在湖南黄家镇有三个人在怀想他们的青春,他们分别是作家、画家和教授。他们都有过各自的理想和爱情,但都在时间的长河里遗失了,他们老了。他们还能重新获得理想和爱情吗?

黄小民

李作家来电话,告诉我马教授从长沙回来了。我放下话筒,目光移到窗外,窗外是十月里一个金灿灿的下午,黄灿灿的太阳照在街对面的红砖墙、青砖墙和白墙上。汽车从街上驶过,鸣着喇叭驱赶横穿马路或走在街中的行人,街上一片嘈杂的叫卖声和音乐声。我的画店是街上最安静的商店,只有我和我老婆。画店旁有家新开张的自选商场,很讨厌,整天播放着活泼的儿童歌曲,将声音开得很大,以此招揽路人,没完没了。我喜欢安静,喜欢在安静中作画,在安静中想问题和在安静中自由自在地出入睡眠。而这家自选商场播放的音乐声却常常把我从午睡中硬拉出来,让我看着窗外灰白的天空发呆和恨。这是我被没完没了的乐曲声极其可耻地拉出了梦乡。
我的睡眠很少,因为我不会睡觉。有的人会睡觉,一倒下就能睡着。我是半天都不能进入梦乡。我要看很长时间的书,要把自己弄得很疲劳才能入睡,否则我那一个晚上就得睁着眼睛,即便闭着眼睛,脑海里也尽是往事或一些徒劳的憧憬。我很瘦,这是我睡眠不好造成的。我是名画匠,临摹或创作,以风景画为主,这是街上的年轻人都喜欢在客厅或卧室里挂的风景画。有时他们把自己喜欢的风景画拿来,让我临摹,有时他们又看中了我创作的风景画,买下它,挂在客厅里供他的朋友欣赏。我也接肖像画,他们把姑娘的相片拿来,让我画那些坐在草地上或站在花坛前的姑娘,或画那些姑娘站在北京天安门或深圳的世界之窗前照的照片。他们拿着我画的肖像去讨好心爱的姑娘,表示他们的爱情尽管通过了我的手描绘,但是真的。因为我是要收费的,两百元三百元不等。两百元三百元在我们这个经济不怎么发达的黄家镇,还真的是钱。
李作家是位半桶水作家,是我们镇上的作家,经常有文章发表。

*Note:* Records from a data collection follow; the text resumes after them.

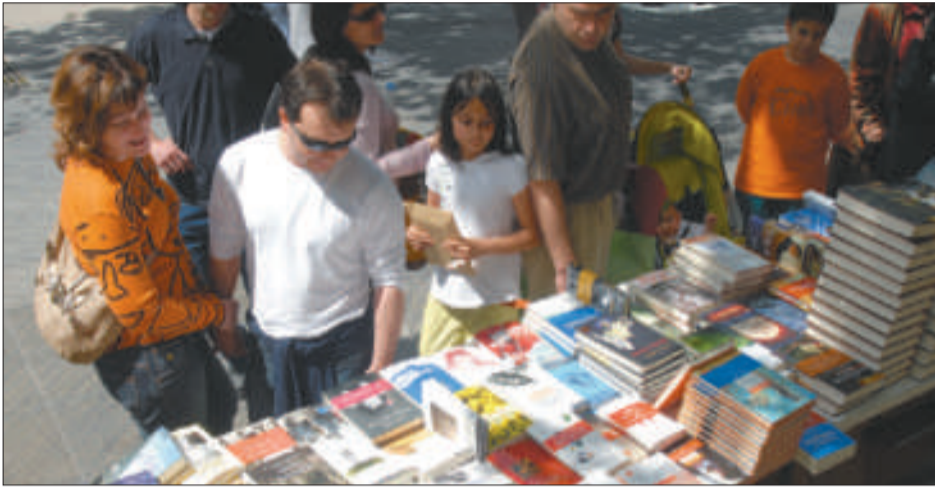
Els vilanovins celebraran Sant Jordi a la Rambla
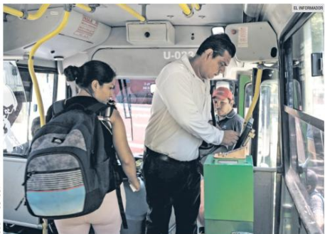
PROGRAMA. El registro para obtener la Tarjeta Única del transporte público iniciará el 12 de enero a través de la página oficial tarjetaunica.jalisco.gob.mx. La entrega comenzará a partir del 19 de enero.

En cuanto a la situación en Venezuela, defendió la operación que culminó con la captura de Nicolás Maduro y su esposa, alegando que la acción no se basaba en intereses petroleros, sino en la búsqueda de "paz en la tierra".
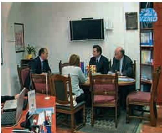
predstavnika Misije OECD sta z velikim zanimanjem prisluhnila stališčem VZMD

Stališča VZMD do samoocene so namreč precej kritična. Tako je VZMD poleg konkretnih predlogov za normalizacijo oz. izboljšanje zaskrbljujočega stanja na področju »upravljanja družb« v Republi-
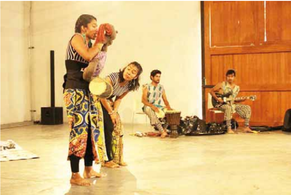
► Los de siempre colectivo.

enescena@imparcialenlinea.com / Teléfono 501 83 00 Ext. 3172

我们县创办的《白水周报》就经常刊登他的文章,有时候《衡阳日报》和《湖南日报》上一不小心也会出现他写的关于黄家镇变迁的文字。李作家以前在镇糖果饼干厂工作,那家工厂由于被县电视台曝光——揭露该厂生产的饼干不卫生而于三年前停产了,工人们成了下岗工人。李作家就是从下岗后拿起钢笔写文章的。这个曾经爱读契诃夫和鲁迅的小说和杂文的老李,如今成了镇上舞文弄墨的角色。
马教授和我是一起长大的,我们曾同住在幸福街。他家是幸福街三号,我是九号,中间相隔五栋平房。马教授的爷爷曾是幸福街的保长,那是解放前。自然他家的房子就比我家建得气派,青砖黑瓦,两层楼,前面一块坪,还有一口水井。在三四十年代,黄家镇还没自来水,镇上人都吃井水。我家也有一口井,打在厨房里,井上做了个架子,不用水时就盖上井盖。我们家那口井于上世纪的八十年代被填没了。一九八五年,自来水管进了家,井就再没有存在价值了。马教授考取大学时引起了一场轰动,那是一九七七年。那一年整个黄家镇只出了两名大学生,都出在我们幸福街,一个是住在幸福街八号的林阿亚,另一个便是马教授。当年他们考上大学不亚于两枚原子弹于同一天在街上爆炸,你如果眼睛尖,差不多都能看见两家的屋顶上有蘑菇云升上天空。所不同的是一枚是母弹,一枚是公弹。我当时妒忌得要死,真正做到了恨铁不成钢,为什么考上大学的不是老子而是住在我隔壁的让我讨厌的林阿亚?那一年,街上的年轻人都像我一样,既羡慕他们又嫉妒他们,因为在我们这条贫穷的街上,读大学与升官发财是孪生兄弟。......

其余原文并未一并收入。